2 New York men charged by SEC in ‘Hamilton’ Ponzi scheme

People wait on line to see "Hamilton" at the Richard Rodgers Theatre outside of the 2016 Tony Awards 'Meet The Nominees Press Reception' on May 4, 2016 in New York City. Two New York men were charged by the SEC in relation to a Ponzi scheme involving tickets to high profile events such as "Hamilton" or Adele concerts. The two men falsely claimed to pool investors money to purchase large blocks of tickets to be resold at a profit but instead allegedly used the funds for Ponzi payments and personal purchases.Photo by John Angelillo/UPI

Jan. 28 (UPI) — Two New York men were charged by the U.S. Securities and Exchange Commission in a Ponzi scheme involving tickets to high demand shows.
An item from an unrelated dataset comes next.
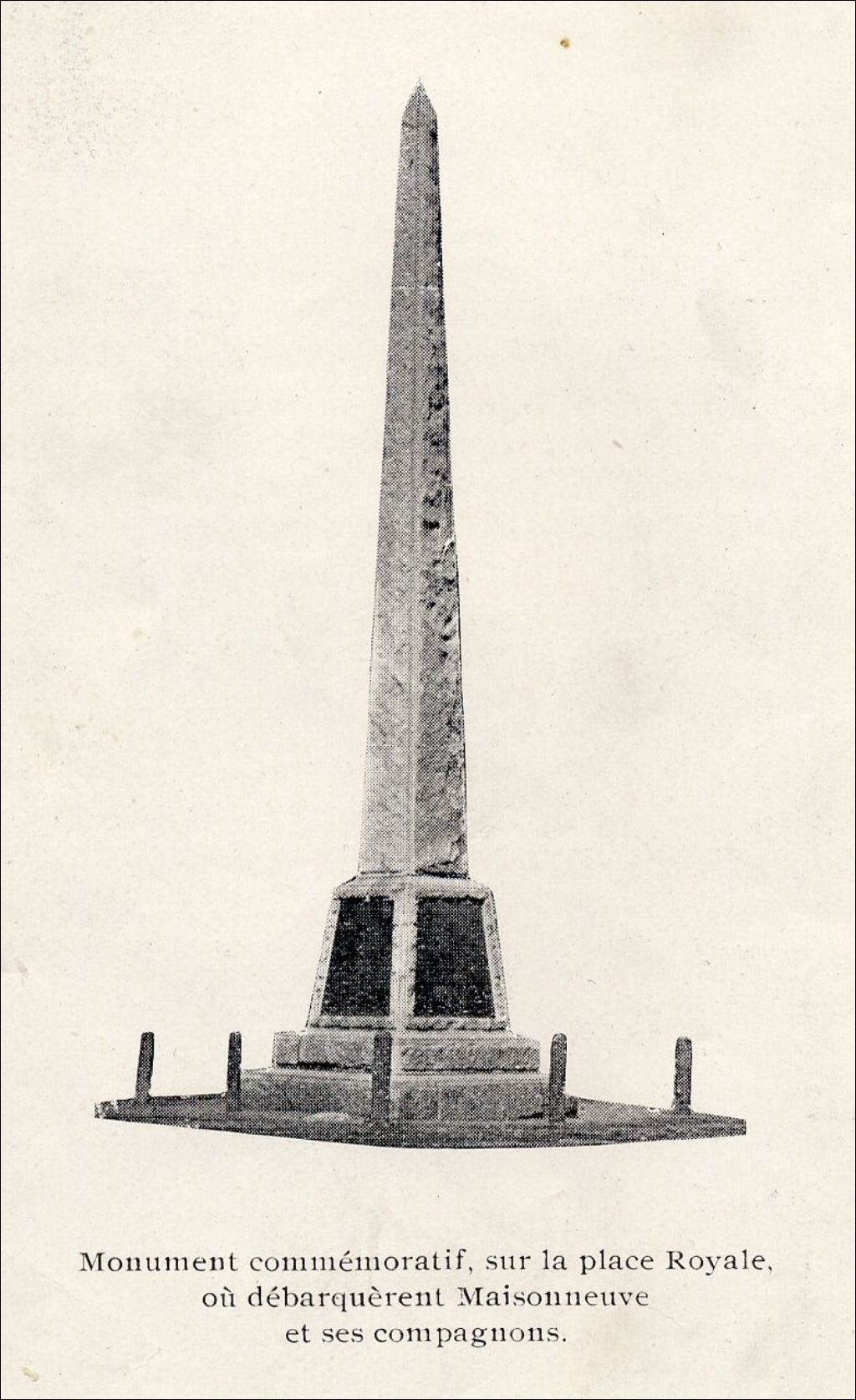 Monument commémoratif, sur la place Royale, où débarquèrent Maisonneuve et ses compagnons

The SEC alleged on Friday that Joseph Meli and Matthew Harriton raised more than $81 million from at least 125 investors in 13 states by falsely claiming to pool their money to purchase tickets to Adele concerts and the Broadway musical “Hamilton” to be resold at a profit.
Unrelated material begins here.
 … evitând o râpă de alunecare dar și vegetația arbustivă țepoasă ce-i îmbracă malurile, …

“As alleged in our complaint, Meli and Harriton raised millions from investors by promising big profits from reselling tickets to A-list events when in reality they were moving investor money in a circle and creating a mirage of profitability,” Paul G. Levenson, Director of the SEC’s Boston Regional Office said.

Meli and Harriton used the bulk of the investor funds to make Ponzi payments to prior investors and allegedly diverted almost $2 million for personal purchases including jewelry purchases, private school and camp tuition, and casino payments.
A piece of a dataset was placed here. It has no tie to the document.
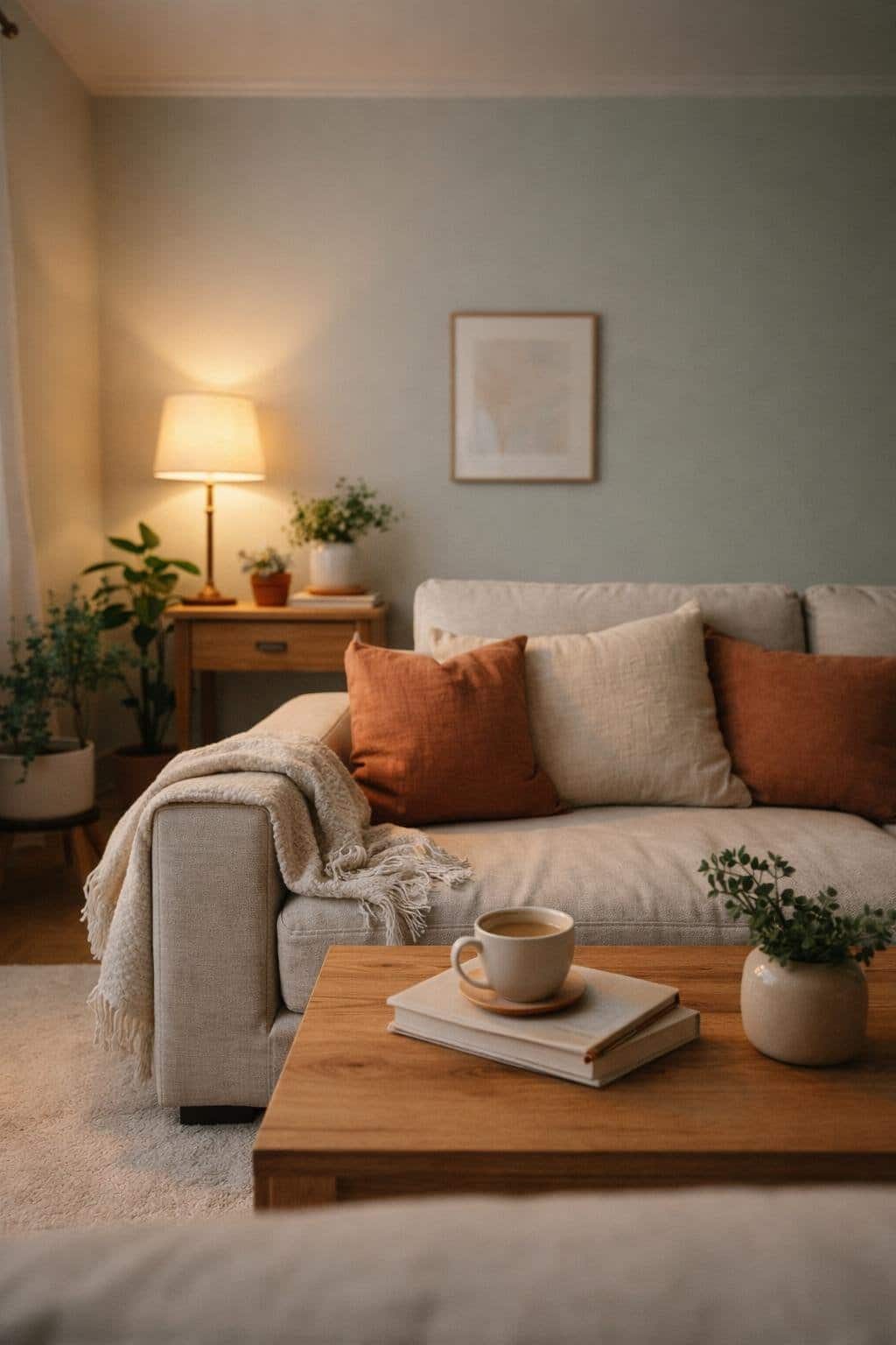 You create a calm, evening-ready living room when you pair Sea Salt by Sherwin‑Williams with soft textures and warm lighting.

The pair claimed an agreement was in place with the producer of “Hamilton” to purchase 35,000 tickets to the musical and investor money was collected to pay part of that cost with the return on investment promised within eight months, according to the SEC’s complaint.

Investors were allegedly promised full repayment of initial investments plus a 10 percent annualized profit, to be paid in less than one year from investment as well as 50 percent of any profits from ticket resales that remained after they got their initial investments and 10 percent return, USA Today reported.

The SEC alleges that no such agreement or purchase of tickets ever took place.

Meli and Harriton were charged by the SEC in U.S. District Court for the Southern District of New York along with their four alleged ticket reselling businesses named Advance Entertainment, Advance Entertainment II, 875 Holdings, and 127 Holdings.

The U.S. Attorney’s Office for the Southern District of New York also announced criminal charges against Meli in a parallel action.